The rapid progress of deep learning is affecting the world we live in. Media generation (i.e., image and audio generation) is a typical example of this progress, and impressive research results are being reported around the world. In this article, we first overview this very active research field. Then we introduce our efforts in developing a generative personal assistance system with audio and visual examples. Specifically, we explain how our new deep-learning approach will overcome the limitations encountered in existing studies on personal assistance systems. Finally, we discuss future directions in the media generation field.

Keywords: deep learning, media generation, personal assistance


1. Rapid progress in deep learning

The rapid progress achieved recently in deep learning is having an impact on the world we live in. Media generation (i.e., image and audio generation) is a typical example of this progress. Many studies are being done in this field, and amazing research results are being reported around the world.

For example, StackGAN [1] can automatically synthesize photorealistic images only from a text description. Neural style transfer [2] can convert arbitrary images to arbitrary-style ones (e.g., Gogh-style or Monet-style images) without any manual processing.

Until a few years ago, the main objective in deep learning was to improve accuracy for comparatively easily defined tasks such as image classification and speech recognition. However, more complex tasks have recently been tackled by introducing new models and theory. Also, a major breakthrough was recently achieved in the media generation field due to the emergence of deep generative models. Consequently, expectations for media generation are rising as a tool to embody various wishes.

2. Generative personal assistance

When we do new things (e.g., try to throw a ball faster, try to pronounce English more fluently, or try to acquire an appropriate facial expression according to the time, place, or occasion), it is sometimes difficult to know what the most effective methods for doing so are, and this can cause frustration. One conceivable solution is to find a teacher and have him or her teach us; another is to search via the Internet or books by oneself.

The former approach is useful because it provides detailed instructions, but it is not always easy to find a suitable teacher. The latter approach is useful because it does not require help from anyone else, but it is not easy to find the optimal solution to fit the individual. To solve this problem, we aim to develop a generative personal assistance system as a means of learning new things. It is advantageous in that it offers individuality and concreteness provided in the former approach above, as well as automaticity provided in the latter approach.

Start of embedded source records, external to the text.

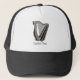 Icono de arpa blanca y negra con decoración de nudo celta. Texto personalizado.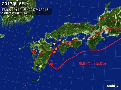 ★ 2017年 6月21日 ・ 南海トラフ ・ M 9 + 超巨大地震 南海トラフ М9+ 超巨大地震の発生予想震源域の南西側の境界域において、М5前後の地震が、 数多く発生しています。 四国の内陸部も、低周波地震が活発に発生しており、いよいよ最終段階に入ったことが伺えます。 (備考) 地震調査研究推進本部・南海トラフ地震の長期評価 http://www.jishin.go.jp/main/chousa/kaikou_pdf/nankai_2.pdf ![]() |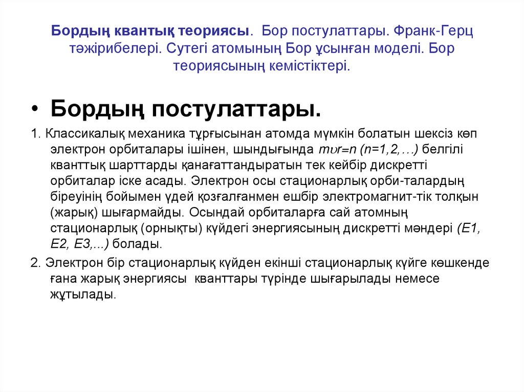 1. Бордың квантық теориясы. Бор постулаттары. Франк-Герц тәжірибелері. Сутегі атомының Бор ұсынған моделі. Бор теориясының

3. Generative personal assistance with audio and visual examples

The concept of our proposed generative personal assistance system providing audio and visual examples is illustrated in Fig. 1. We achieve individuality by analyzing the relevant data based on the data provided by the user (i.e., images and audio). We achieve concreteness by visualizing or auralizing the specific instructions or the ideal state. We achieve automaticity by ensuring the above process is conducted automatically.

Fig. 1. Generative personal assistance with audio and visual examples (e.g., facial expression improvement).

An operation example of the system [3] developed to provide visual feedback to someone who wants to improve their facial expression is shown in Fig. 2. In this system, we learn the feedback rule using the pre-prepared data. We assume that the data are collected not from the actual user but from the general public. Moreover, we assume that we can only collect one-shot data (i.e., one facial expression) for one person. This condition enables us to achieve automaticity without requiring a large data collection effort.

Fig. 2. Operation example of proposed feedback system.

In generating feedback, we achieve individuality by analyzing and calculating feedback based on the user-provided image. We then display improvement guidelines with arrows. This feedback is concrete and interpretable, enabling the user to achieve the target state by following the instructions. This example targets facial expression improvement, but the same idea can be applied to other tasks (e.g., improving pitching in baseball or improving pronunciation).

4. Input variation and output concreteness

Two challenges need to be overcome in order to achieve this system. The first is how to apply it to various input data. This system is aimed for use by a diverse range of people with different ages, genders, and races. Therefore, it is necessary to adapt the system to provide the optimal feedback for each person. The main approach used in previous feedback systems is rule-based, in which the feedback rule is defined manually. This imposes a large rule-creation cost when there is a large amount of variation data. We propose to solve this problem by using a learning-based approach.

The second challenge is not only to recognize the current state but also to generate detailed feedback based on it. Previous systems also used a learning-based approach that can be applied to various inputs, but they can only recognize the current state; for example, they can only classify facial expressions, estimate the degree of a smile, and detect the different parts of the face. It is not easy to extend this approach to generate feedback because the typical learning scheme requires the pair data of input and output, that is, the user image and correct feedback in this case. In general, feedback annotations require professional knowledge. Therefore, it is not easy to collect a large amount of data. This limitation makes it difficult to develop a feedback system using a learning-based approach.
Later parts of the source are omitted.